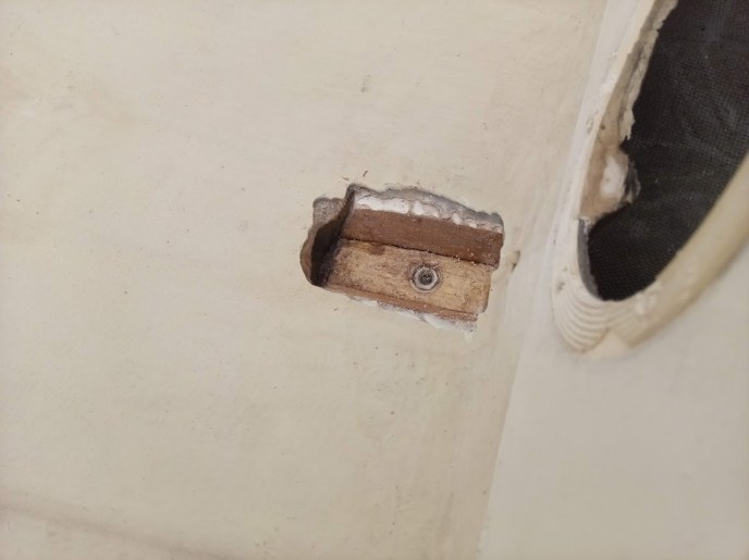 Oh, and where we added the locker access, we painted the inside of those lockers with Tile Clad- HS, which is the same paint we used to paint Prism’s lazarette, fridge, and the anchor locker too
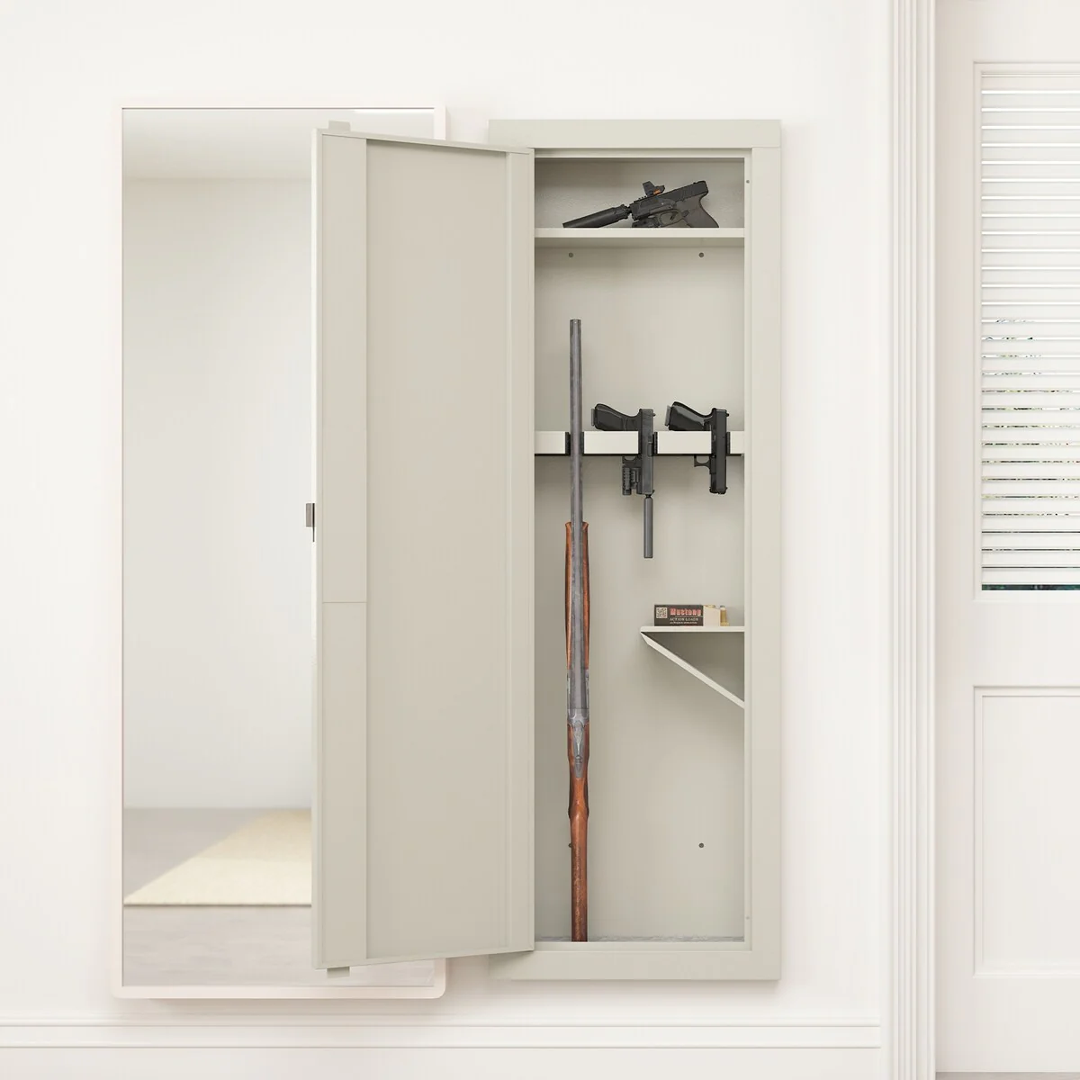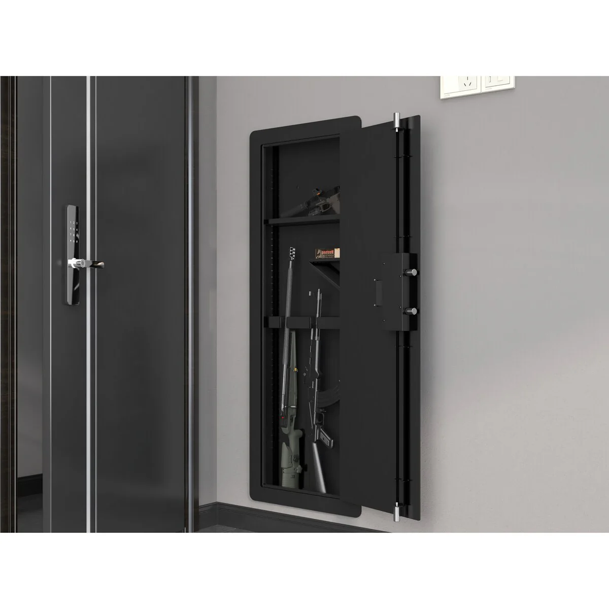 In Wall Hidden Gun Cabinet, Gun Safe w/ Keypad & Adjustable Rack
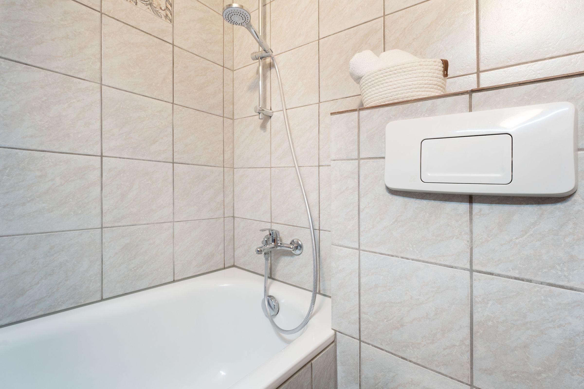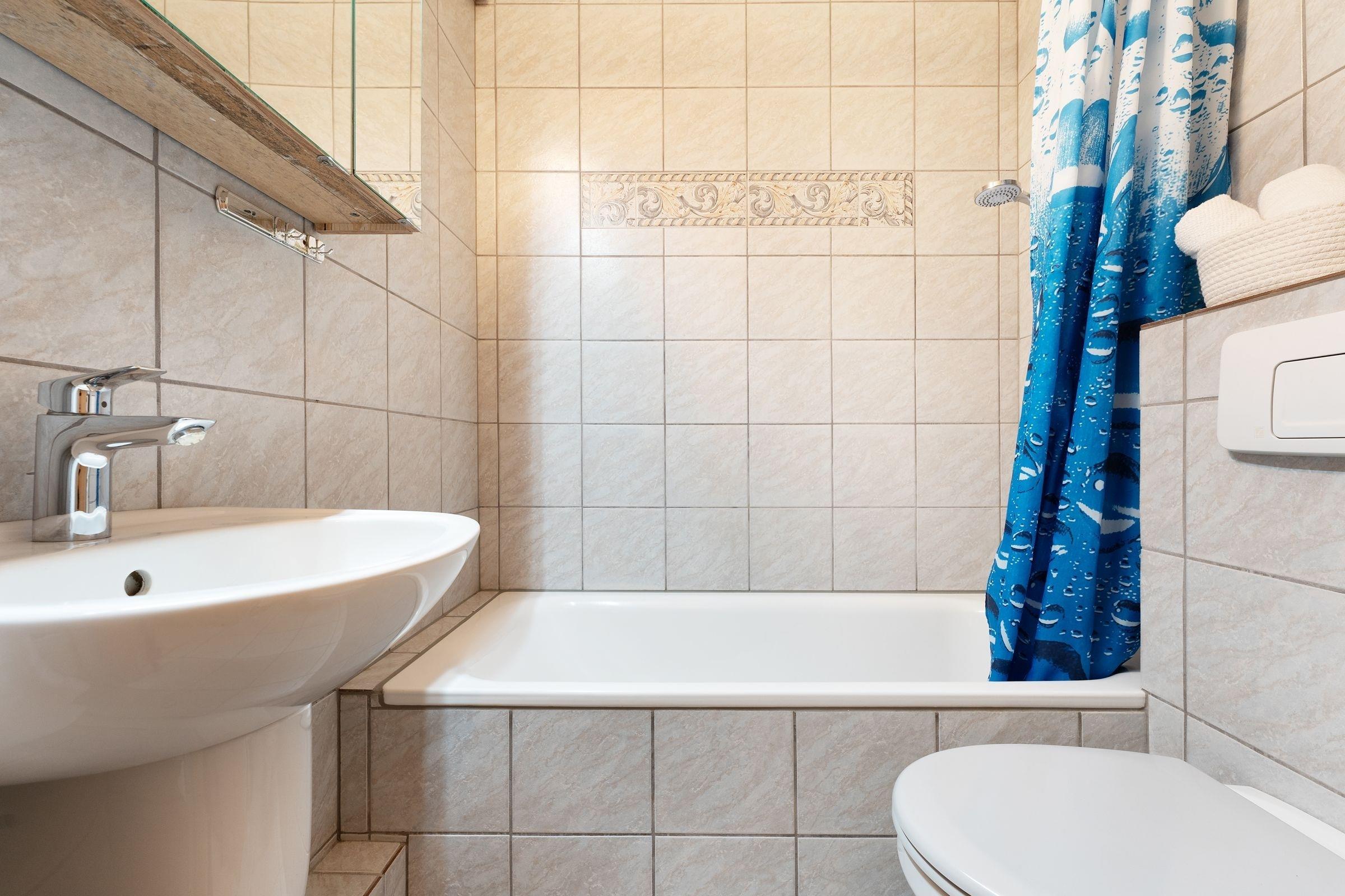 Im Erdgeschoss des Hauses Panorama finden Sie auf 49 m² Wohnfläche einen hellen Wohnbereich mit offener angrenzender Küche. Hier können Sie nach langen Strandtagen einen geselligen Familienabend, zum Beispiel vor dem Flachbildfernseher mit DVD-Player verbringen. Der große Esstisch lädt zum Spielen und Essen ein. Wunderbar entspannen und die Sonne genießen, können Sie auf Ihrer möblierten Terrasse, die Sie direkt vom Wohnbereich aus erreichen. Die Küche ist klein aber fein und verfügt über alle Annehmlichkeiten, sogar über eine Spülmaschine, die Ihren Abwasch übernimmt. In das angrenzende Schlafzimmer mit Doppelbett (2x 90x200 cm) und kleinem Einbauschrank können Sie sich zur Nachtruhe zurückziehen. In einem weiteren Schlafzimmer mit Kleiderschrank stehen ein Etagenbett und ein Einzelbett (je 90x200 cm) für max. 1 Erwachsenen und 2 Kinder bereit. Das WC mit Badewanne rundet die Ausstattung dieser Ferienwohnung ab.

■ **TASK GOAL**
Without changing a word, retype the data above and omit its pictures.

■ **RESULT FOR THIS EXERCISE**
 Oh, and where we added the locker access, we painted the inside of those lockers with Tile Clad- HS, which is the same paint we used to paint Prism’s lazarette, fridge, and the anchor locker too
 In Wall Hidden Gun Cabinet, Gun Safe w/ Keypad & Adjustable Rack
 Im Erdgeschoss des Hauses Panorama finden Sie auf 49 m² Wohnfläche einen hellen Wohnbereich mit offener angrenzender Küche. Hier können Sie nach langen Strandtagen einen geselligen Familienabend, zum Beispiel vor dem Flachbildfernseher mit DVD-Player verbringen. Der große Esstisch lädt zum Spielen und Essen ein. Wunderbar entspannen und die Sonne genießen, können Sie auf Ihrer möblierten Terrasse, die Sie direkt vom Wohnbereich aus erreichen. Die Küche ist klein aber fein und verfügt über alle Annehmlichkeiten, sogar über eine Spülmaschine, die Ihren Abwasch übernimmt. In das angrenzende Schlafzimmer mit Doppelbett (2x 90x200 cm) und kleinem Einbauschrank können Sie sich zur Nachtruhe zurückziehen. In einem weiteren Schlafzimmer mit Kleiderschrank stehen ein Etagenbett und ein Einzelbett (je 90x200 cm) für max. 1 Erwachsenen und 2 Kinder bereit. Das WC mit Badewanne rundet die Ausstattung dieser Ferienwohnung ab.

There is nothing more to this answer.